Go-it-alone threat to ‘family of schools’
Education chief warns that RC plan to set up multi-academy trust ‘is jump into the unknown’
21 July, 2017
Cllr Joe Caluori: ‘There’s some risk’
PLANS to bring all Catholic schools in Islington and Camden together under one academy trust have put the Diocese of Westminster at loggerheads with Town Hall chiefs and teaching unions.
Currently, the borough’s eight Catholic primary schools and its secondary school, St Aloysius, are part of Islington Council’s family of schools. But the Diocese has drawn up plans to bring them together under a 19-school, multi-academy trust with Camden schools.
The rationale is to provide more financial security, to improve structures that support “vulnerable” schools, to help them “work better together”, and to “strengthen Catholic mission”, said John Paul Morrison, director of education at the Diocese.
“There’s [currently] no consistency in the support for our schools,” he told the Tribune. “We want to protect, secure and develop Catholic education, and to work more in collaboration with each other.
“[Within a multi-academy trust] we’d have far more control over finances and future planning of our schools. It’s about high-quality governance, whether schools are safe and secure.”

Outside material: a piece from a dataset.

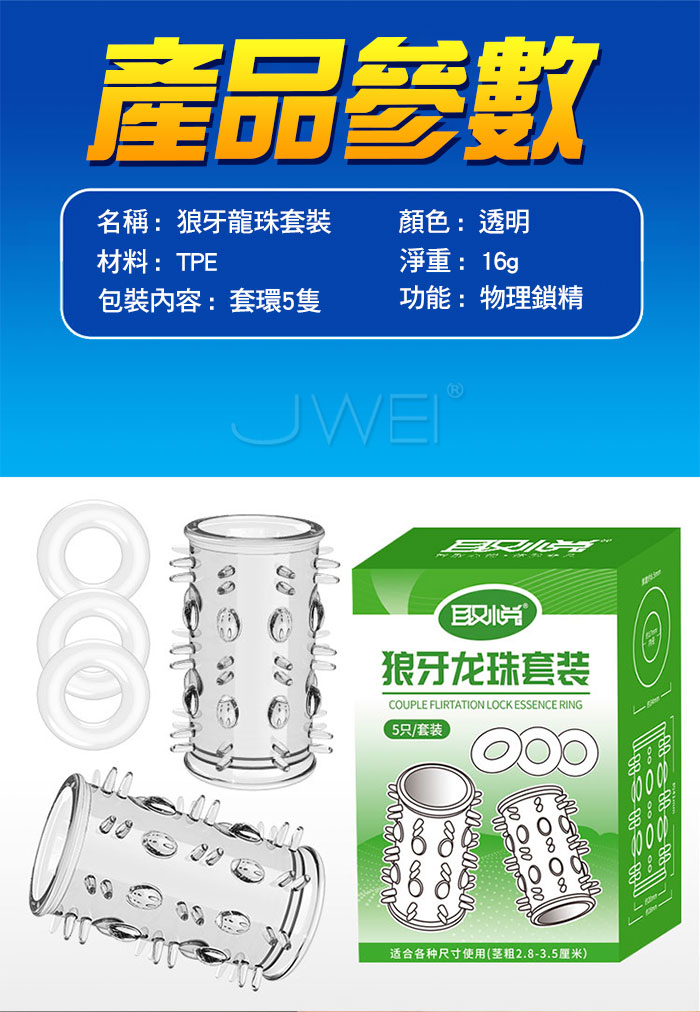 首頁>取悅 狼牙龍珠.顆粒刺激降敏加時高彈鎖精套環【5入裝】

Mr Morrison said the advantage of becoming a multi-academy trust was partly financial – it would get full state funding instead of the current 90 per cent and would not have to pay VAT.

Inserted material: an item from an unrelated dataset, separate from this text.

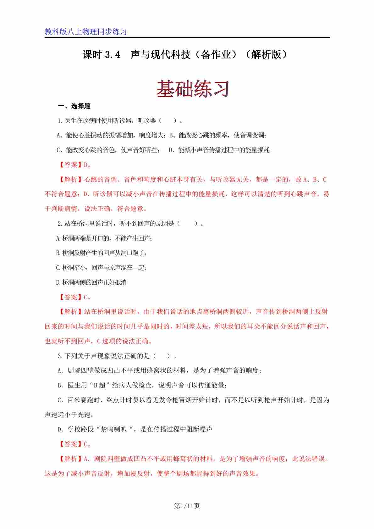 【教科物理】3.4 声与现代科技(同步练习)(解析版)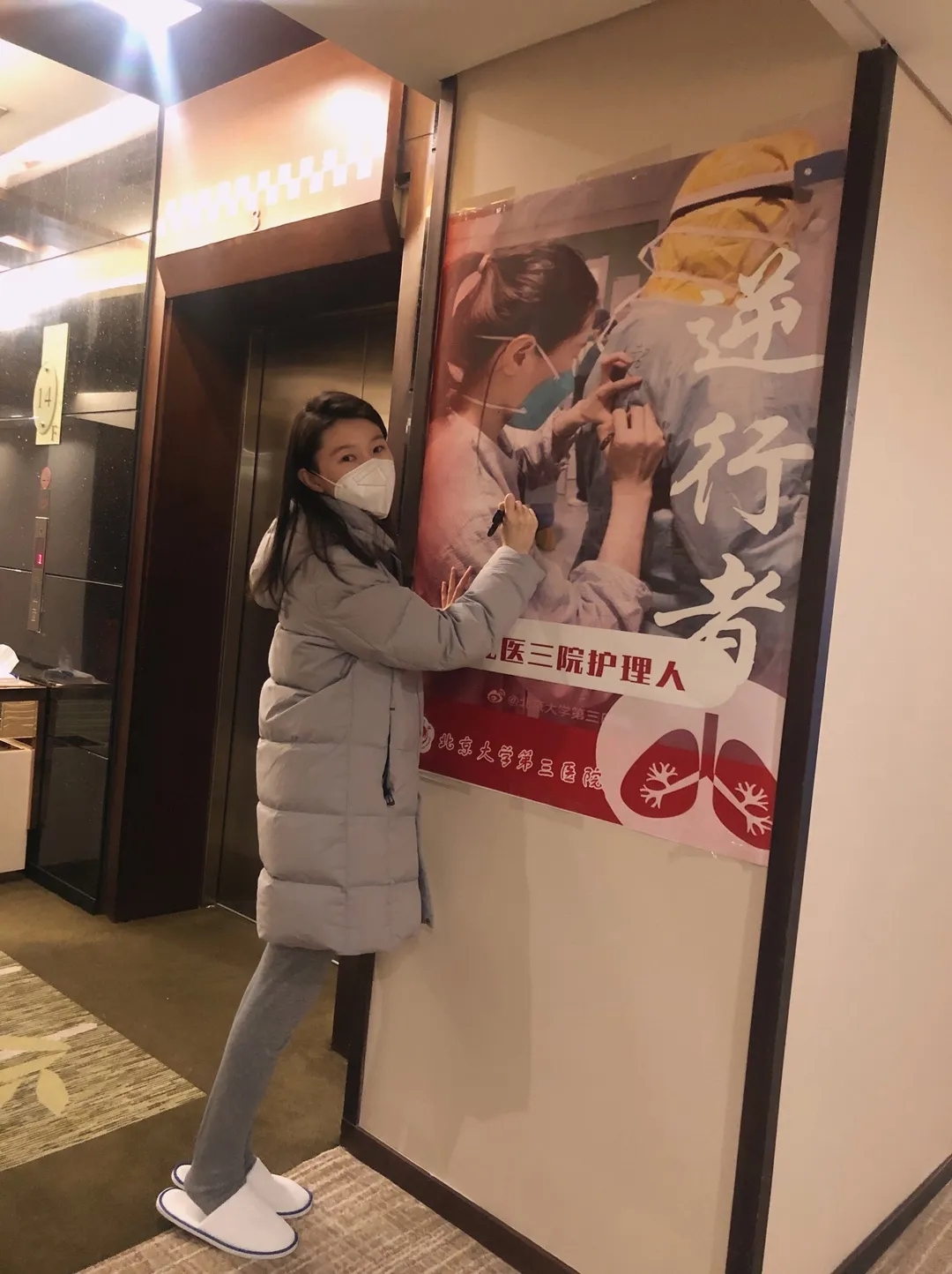 北京大学第三医院危重医学科护士张佳男在武汉驻地与张贴的海报合影(2月16日摄)。海报照片拍摄于1月29日凌晨三点,张佳男和队员们进入华中科技大学同济医院中法新城院区隔离病房第一晚,当时张佳男正在给队友的防护服上写字。新华社发

But the proposals have not been welcomed by the Town Hall, which said the move was risky and would undermine the cohesion of education in Islington.
Education chief Councillor Joe Caluori said: “It’s a jump into the unknown and I don’t think parents would want it. If I were a parent I would be asking: ‘What is the advantage of academising? How would it make results better? How would it bring in more finance?’
“There’s a danger if they don’t behave like our community of schools, there’s some risk there because we have a really good record of school improvement. Does the Catholic Diocese have a better record than Islington? I don’t think they do.”
Councillor Osh Gantly, a governor at Sacred Heart Primary School in Holloway, added: “The Diocese are pushing it very hard but I honestly don’t believe it’s in the best interests of the pupils. We’ve got a good track record locally of running schools. Who is to say that academy status is more stable than local authority-funded schools?
“If more and more schools leave the borough family it will become harder and harder and will inevitably lead to cutbacks.”
The National Union of Teachers (NUT) is also opposed. Tony Buttifint, secretary of Islington NUT, said the proposals would see a “reduction in local accountability and control” and were likely to lead to job losses.
“Neither in the Academy Strategy and policy nor in Cardinal Nichols’ [Archbishop of Westminster] response to specific questions posed by NUT are there any guarantees over pay and conditions or job losses,” he said.
Mr Buttifint added that there was “no evidence whatsoever” that multi-academy trusts improved educational outcomes for children.
If the plans go ahead, the multi-academy trust would have a chief executive and board, while schools would retain the same headteachers and governing boards.
The final decision rests with each school’s board of governors. Schools are expected to decide in the new academic year whether they want to join the multi-academy trust or remain part of the Islington family of schools.